Enqueue the StartOrchestration work item inside the caller's backend transaction instead of out-of-band on the duroxide client pool, so the df.nodes/df.instances INSERTs and the orchestrator-queue INSERT commit or roll back together. - src/lib.rs: add df._enqueue_orchestrator_start(text,text), a SECURITY DEFINER wrapper (SET search_path=pg_catalog) that performs the privileged INSERT via _duroxide.enqueue_orchestrator_work(); EXECUTE revoked from PUBLIC and granted through df.grant_usage(). - src/dsl.rs: df.start() builds the duroxide WorkItem::StartOrchestration, gates on worker readiness, and enqueues via SPI through the wrapper, raising (aborting the tx) on failure. - src/client.rs: drop the now-unused out-of-band start_durable_function; expose is_worker_ready() to the start path. Verified: committed start runs to completion; rolled-back start leaves no df.* rows AND no _duroxide orphan (the leak this fixes); E2E subset incl. join/race/signals/cancel/loops passes; non-superuser df_e2e_user path works. POC scope: fresh-install only (no upgrade script); _duroxide schema name hard-coded; wrapper hardening deferred per docs/spec-atomic-start.md.
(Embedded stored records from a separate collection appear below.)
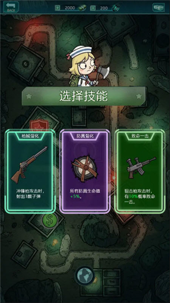 2、角色升级后可以选择新技能,强化生存和战斗能力以应对更强的敌人。
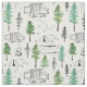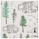 Pinheiros da aguarela e campista, barraca, canoa, lua, fogueira, e estrelas tirados mão! Para o entusiasta exterior que ama acampar, caminhar, pescar, e estar na natureza.
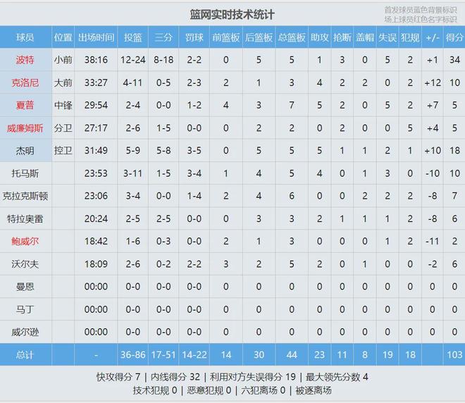 篮网这边,小波特疯狂出手18次三分球。全场比赛,小波特24投12中,三分18中8,罚球2中2,空砍34分5篮板1助攻3抢断5失误,正负值+1。小波特已经连续7场比赛得分20+,他也是篮网队史最快命中100记三分的球员。
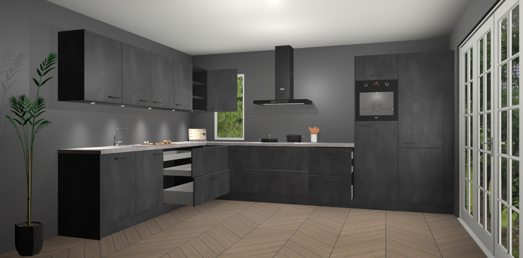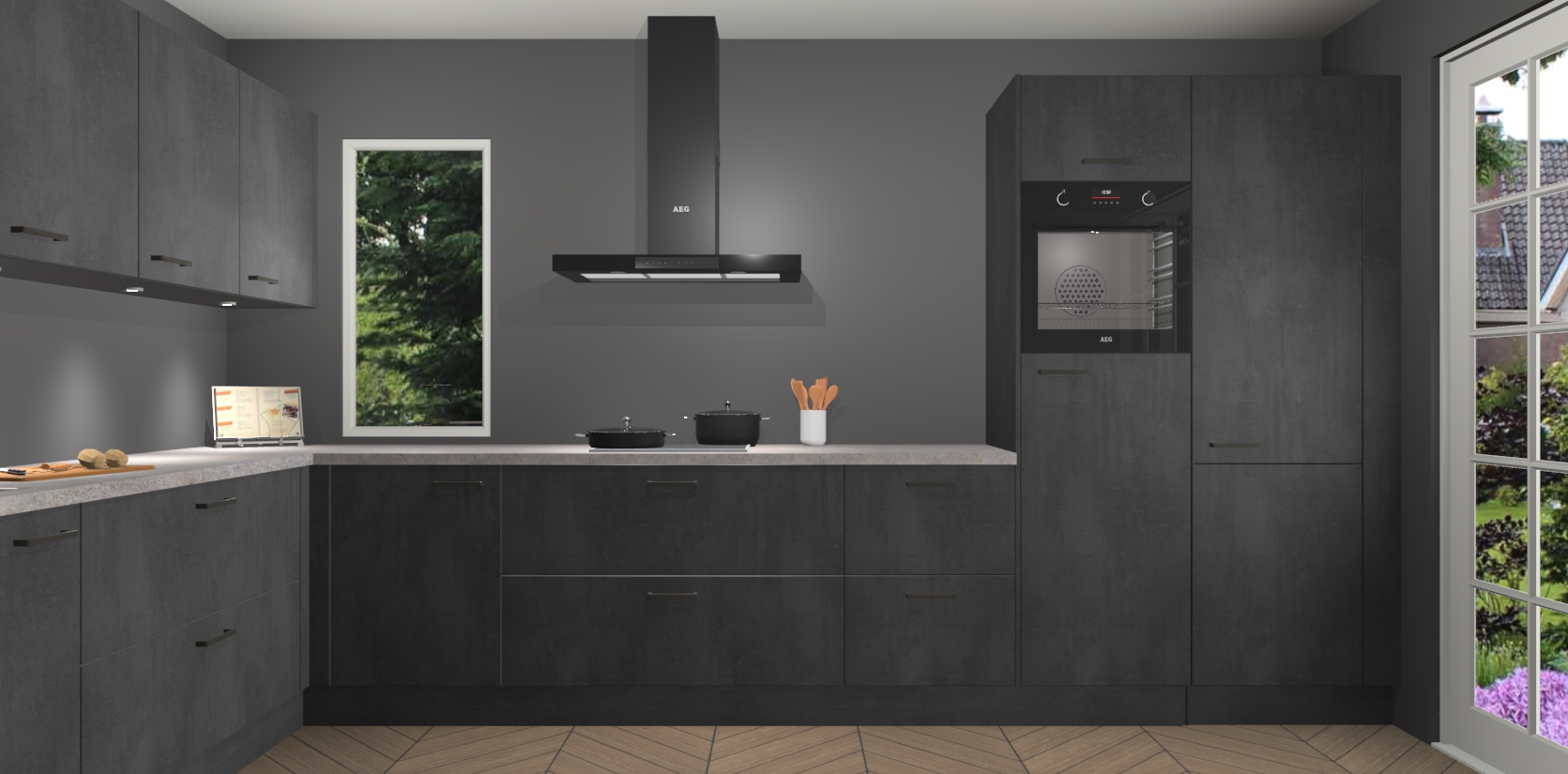 Heeft u nog apparatuur nodig? Geen probleem: de beton zwarte keuken Harare bevat vijf ingebouwde apparaten - een oven, inductiekookplaat, afzuigkap, vaatwasser en koelkast - die gemakkelijk kunnen worden bijgewerkt naar AEG na bestelling. En als dat nog niet genoeg is; onze kasten worden pre-geassembleerd geleverd en zijn verkrijgbaar tegen een vastgeroeste lage prijs! U hoeft nooit meer te zoeken naar goede kwaliteit en service want onze producten hebben echt Duitse kwaliteit.
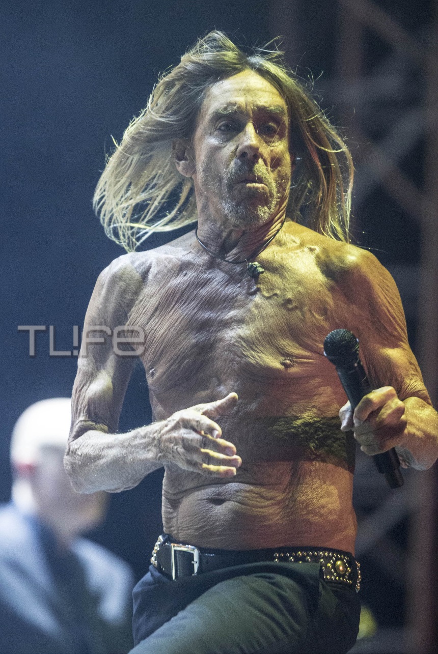 Ο ζωντανός θρύλος της rock μουσικής Iggy Pop εμφανίστηκε σχεδόν γυμνός στη σκηνή, φορώντας μόνο ένα μαύρο παντελόνι και ζώνη. Η αλήθεια είναι ότι χθες η θερμοκρασία έφτασε μέχρι και τους 34 βαθμούς και φαίνεται πως ο Iggy ζεστάθηκε λίγο παραπάνω!

Add a 'Proof of concept (validated)' section documenting what was built (the SECURITY DEFINER df._enqueue_orchestrator_start wrapper + in-transaction SPI enqueue), the confirmed findings (privilege model is the only wrinkle; visible_at=now() suffices; reusing the duroxide WorkItem type), and the validation matrix (atomicity, 8/8 E2E subset, 5/5 JOIN, non-superuser path). Update Status, Phase 1, and the visible_at open question to reflect the POC; note the DROP EXTENSION CASCADE / _duroxide recovery gotcha.

…nciler Address the abstraction-breaking direct _duroxide call and add the GC backstop. - df._enqueue_orchestrator_start now resolves the duroxide schema dynamically via df.duroxide_schema() and EXECUTE format(%I.enqueue_orchestrator_work), instead of hard-coding _duroxide. - df.start() probes for the duroxide-pg SQL surface (enqueue_orchestrator_work in the resolved schema): present -> atomic in-transaction SPI enqueue; absent (non-pg provider / pre-wrapper schema) -> fall back to the out-of-band client path. start_durable_function restored for the fallback. - Add df.reconcile(grace) (Option 4): SECURITY DEFINER, admin-only. GCs orphaned ROOT duroxide instances (parent_instance_id IS NULL, no df row) via delete_instances_atomic and fails stuck df.instances; excludes sub-orchestrations. Schedulable as a durable cron loop. Validated: atomicity holds via dynamic schema; reconcile deletes a planted root orphan and a stuck instance while leaving sub-orchestrations + live instances intact; E2E subset 8/8; fmt clean, no new clippy warnings. Spec updated.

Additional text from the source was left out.